[Stored items]
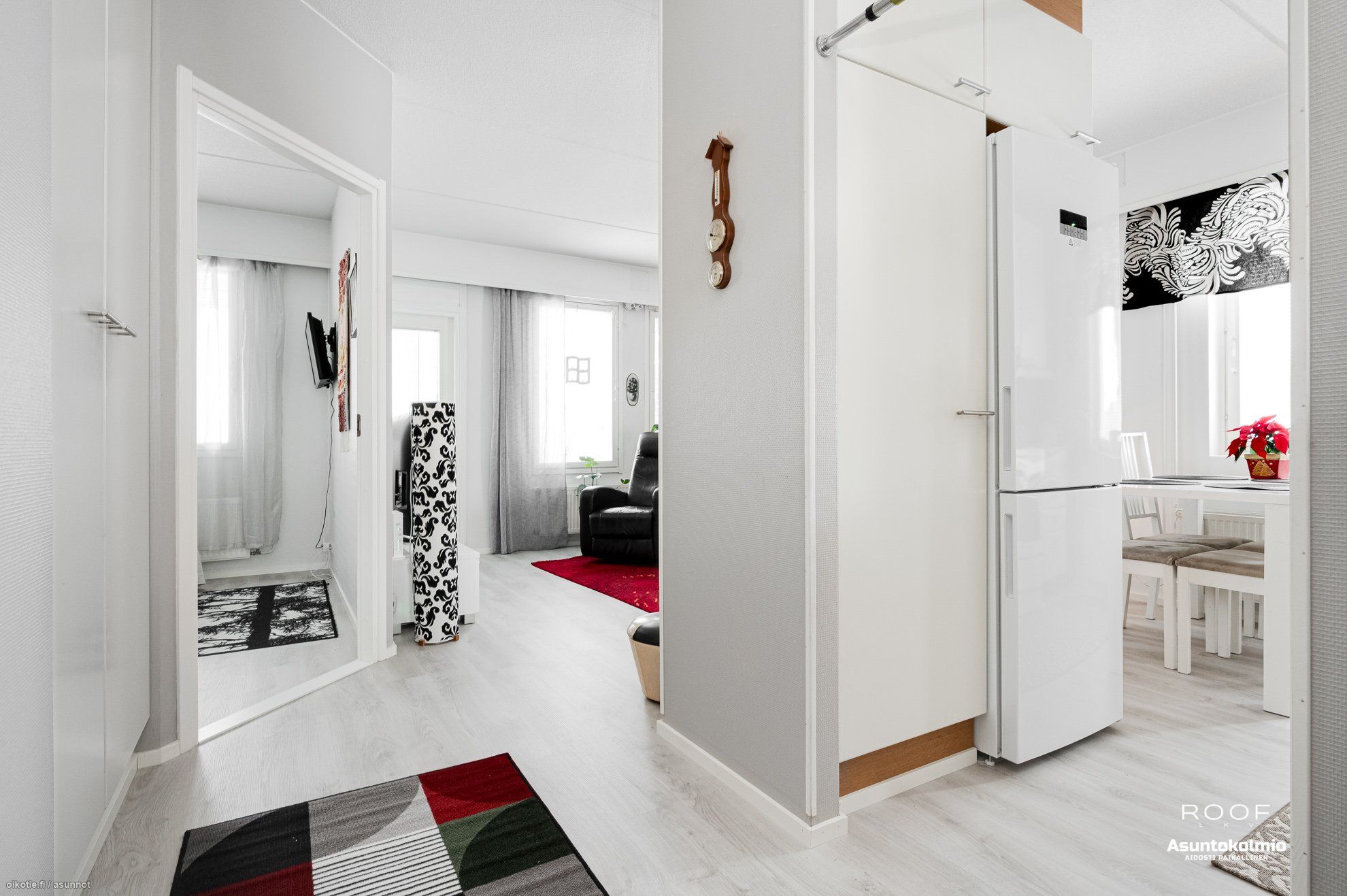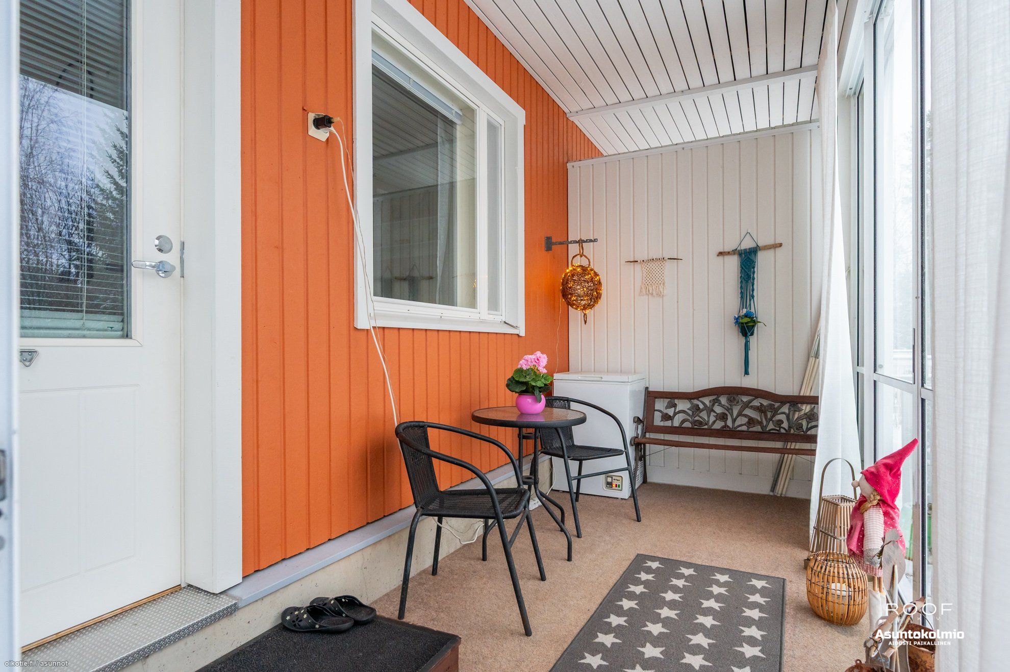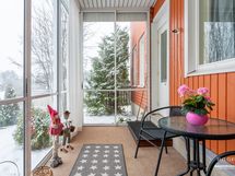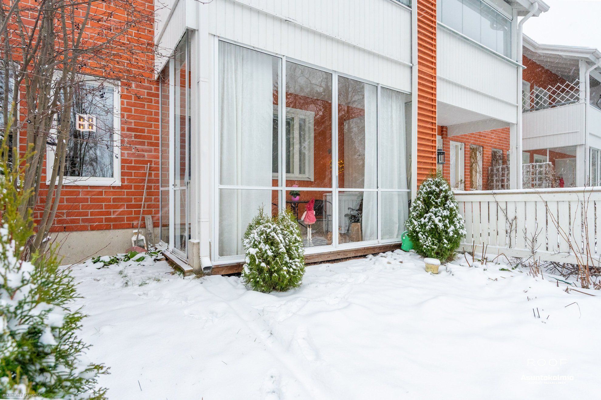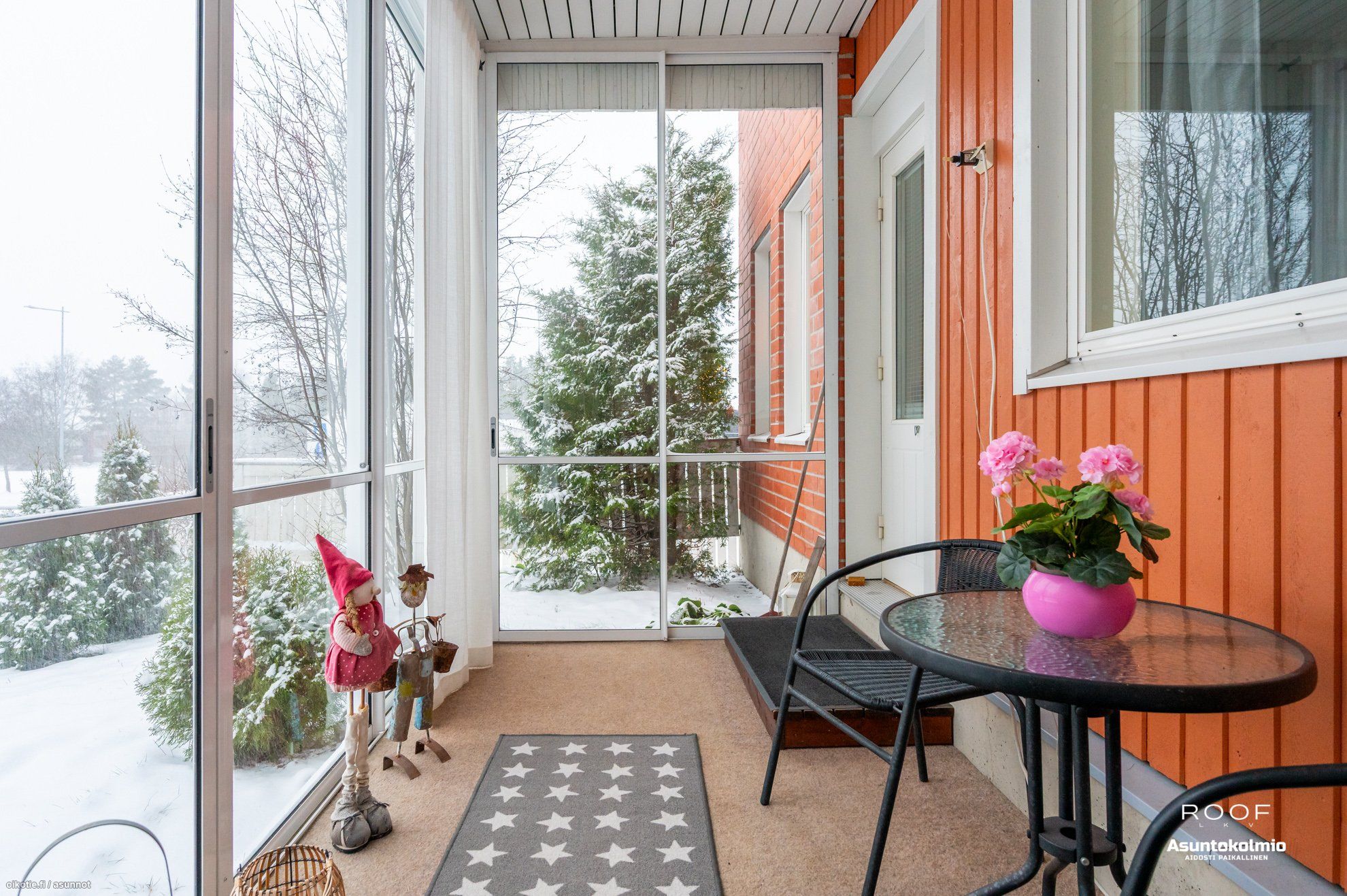 Kompaktista ja valoisasta kodista löytyy kaksi makuuhuonetta sekä tilava pesuhuone. Takapihan terassi on lasitettu, ja kesäisin takapiha on viihtyisän vehreä. Huoneiston asuintilojen lattiamateriaalit on juuri vaihdettu, ja huoneiston ilme on todella vaalea ja raikas.
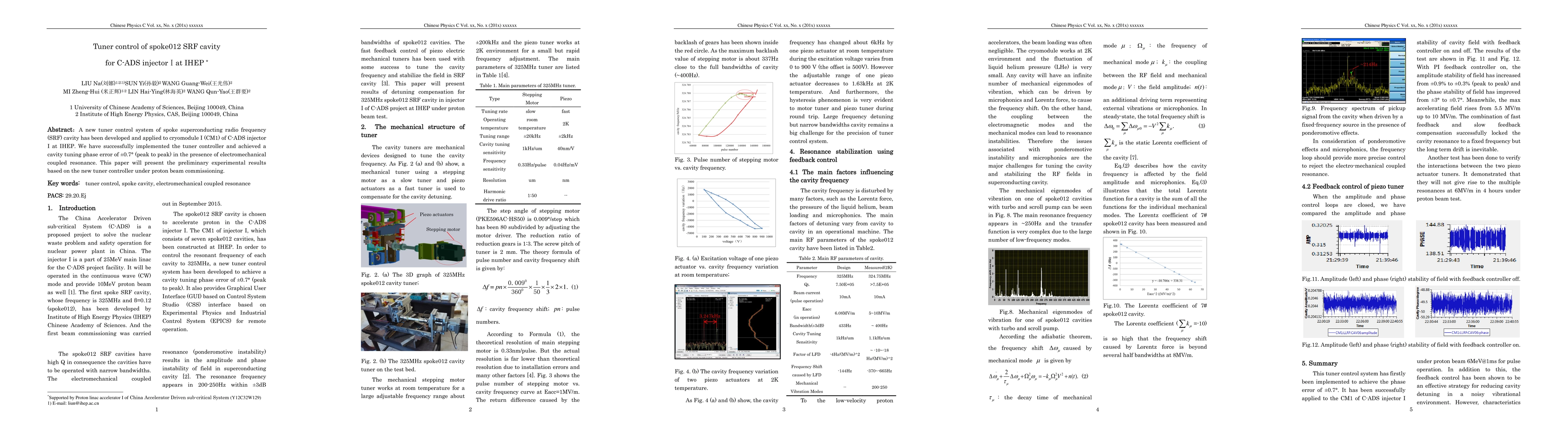 A new tuner control system of spoke superconducting radio frequency (SRF) cavity has been developed and applied to cryomodule I (CM1) of C-ADS injector I at IHEP. We have successfully implemented the tuner controllerfor the first time and achieved a cavity tuning phase error of 0.7degrees (about 4 Hz peak to peak) in the presence of electromechanical coupled resonance. This paper will present the preliminary experimental results based on the new tuner controller under proton beam commissioning.
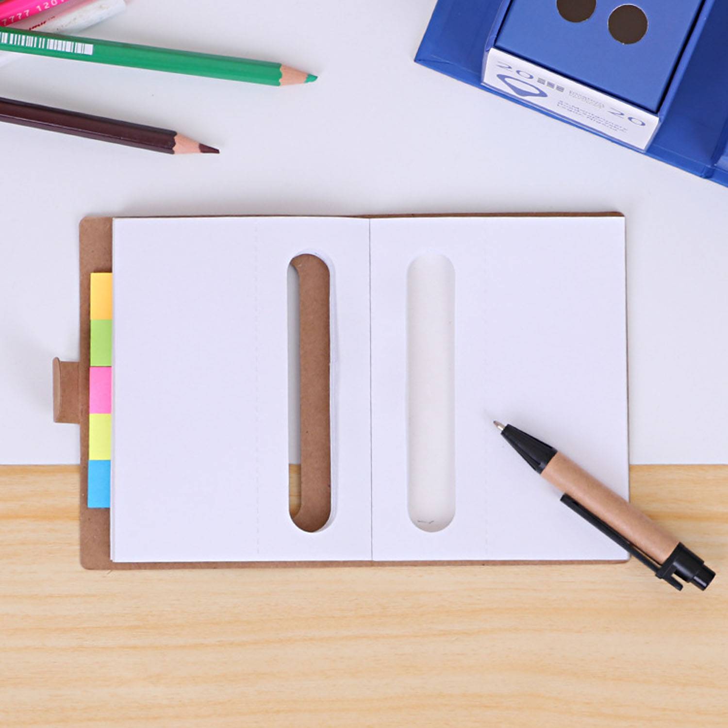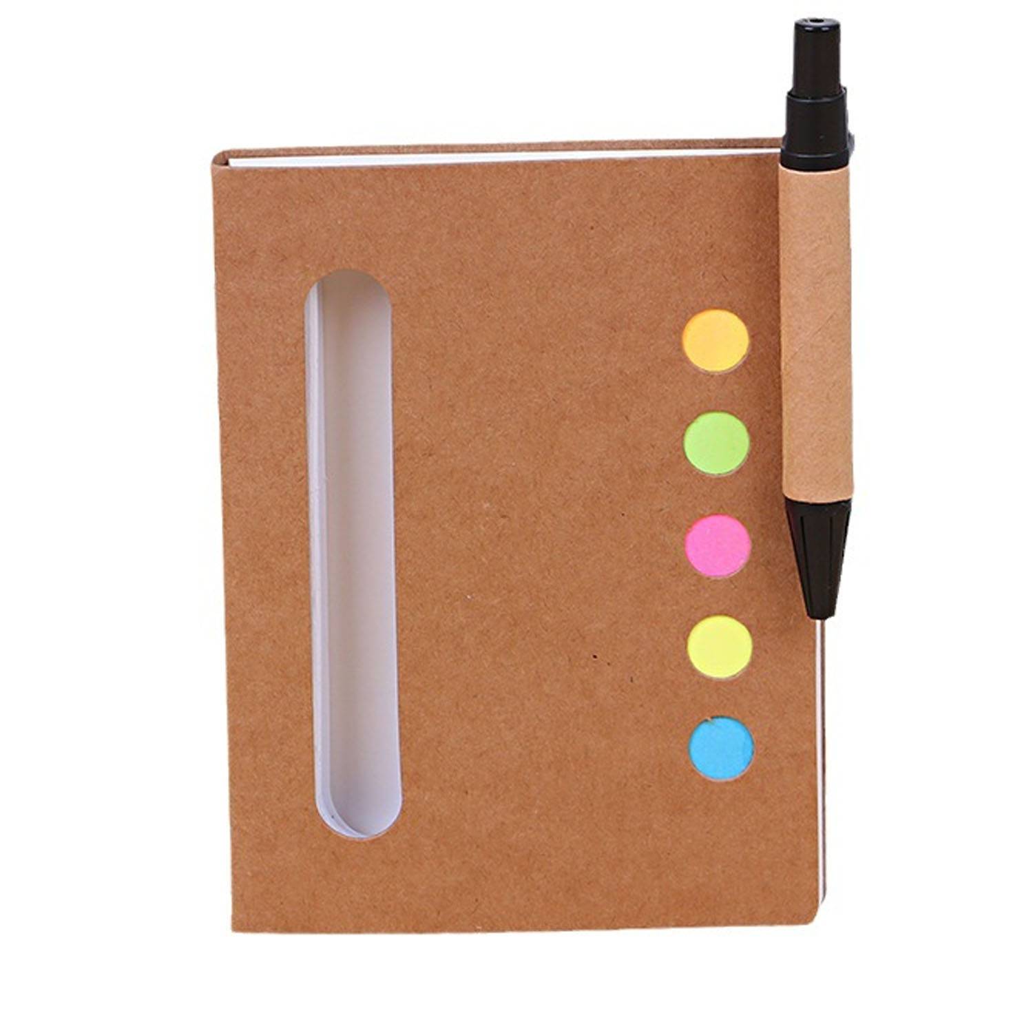 Brown paper notepad with 70 sheets, pen, and 5-color sticky notes; durable, eco-friendly, ideal for office, school, or home.
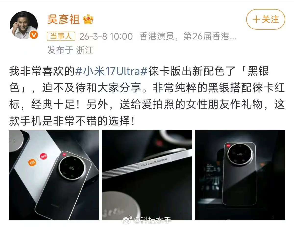 谁能拒绝一台吴彦祖同款的影像旗舰?小米17Ultra徕卡版新配色「黑银色」,纯粹的黑银搭配徕卡红标,辨识度直接拉满。3月10日首销,首发还送小米手环9 Pro+限定手机包,外加碎屏险和只换不修,这波福利太香了。徕卡镜头+复古色彩,随手一拍都是大片,摄影爱好者狂喜。吴彦祖开箱小米17Ultra新配色
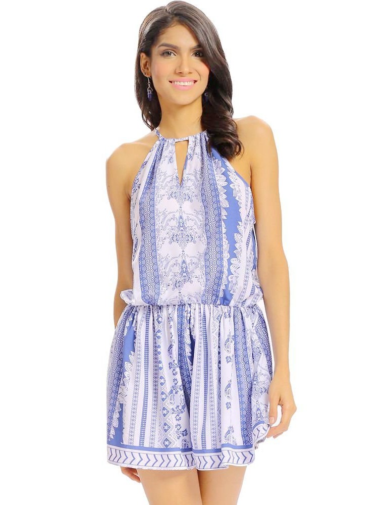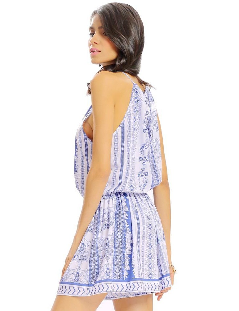 Women Casual Bohemia Printing Sleeveless Loose Halter Bandage Jumpsuit
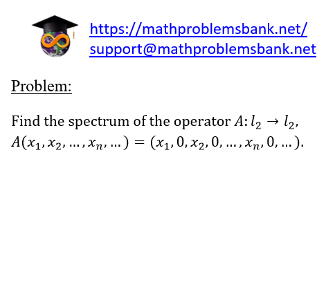 Problem: Find the spectrum of the operator \( A: l_{2} \rightarrow l_{2} \), \( A\left(x_{1}, x_{2}, \ldots, x_{n}, \ldots\right)=\left(x_{1}, 0, x_{2}, 0, \ldots, x_{n}, 0, \ldots\right) \).
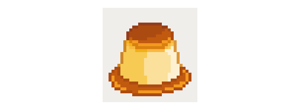 とはいえ全体像が見えてくる前に細部にこだわるのは良くないので、プリン本体の形状は概ねこれでOKとしましょう。先へ進めることにして、ここでキャンバスを32x32ドットに広げます。
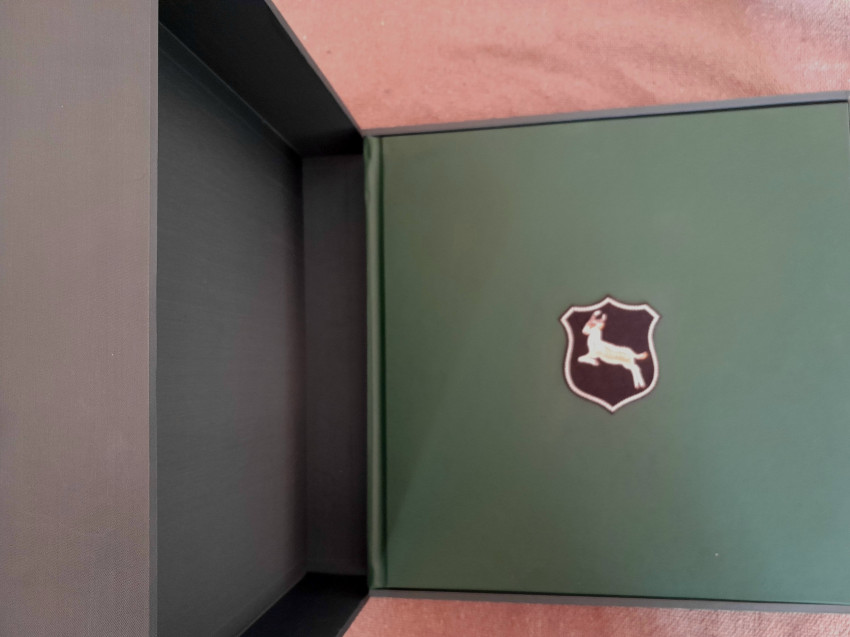 A large (42×43cm), and heavy (11 kilograms) set. The book is in fine condition, light scratches on the box.
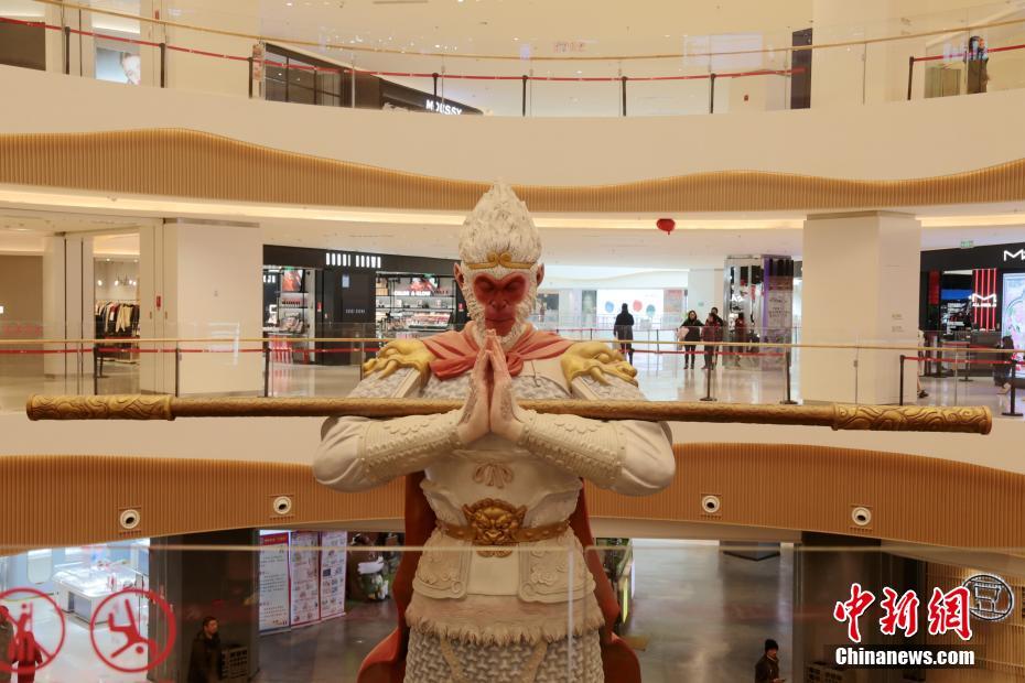 2月22日,西安大雁塔广场附近的一家商场内,一座七米高的“齐天大圣”雕塑吸引了市民和游客观赏、拍照。中新社记者 张远 摄
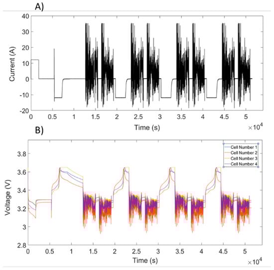 The validation current profile (A) and the corresponding voltage response (B) for the LFP battery pack at a constant temperature of 20 °C.
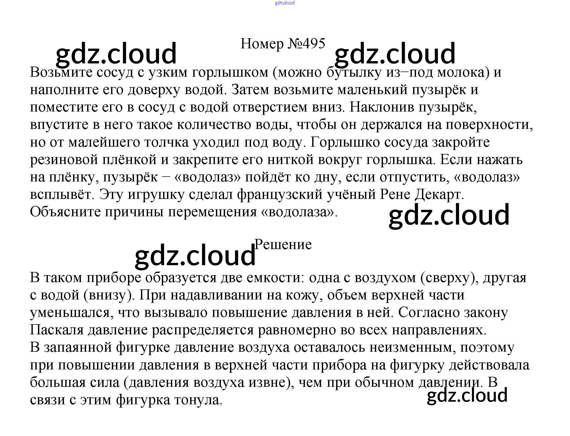 Ответ на задание 495 Сборник вопросов и задач Физика за 7, 8, 9 (седьмой, восьмой, девятый) класс Марон, Позойский Вертикаль 2013
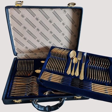 Der mangler blot 6 små skeer, 7 kagegafler, 1 dessertgafle, 1 kagegaffel (se billeder).

■ **TASK GOAL**
Where the line with "The validation current" appears in the entries above, begin there and restate every line to the end word for word, minus the pictures.

■ **RESPONSE TO THE EXERCISE**
 The validation current profile (A) and the corresponding voltage response (B) for the LFP battery pack at a constant temperature of 20 °C.
 Ответ на задание 495 Сборник вопросов и задач Физика за 7, 8, 9 (седьмой, восьмой, девятый) класс Марон, Позойский Вертикаль 2013
 Der mangler blot 6 små skeer, 7 kagegafler, 1 dessertgafle, 1 kagegaffel (se billeder).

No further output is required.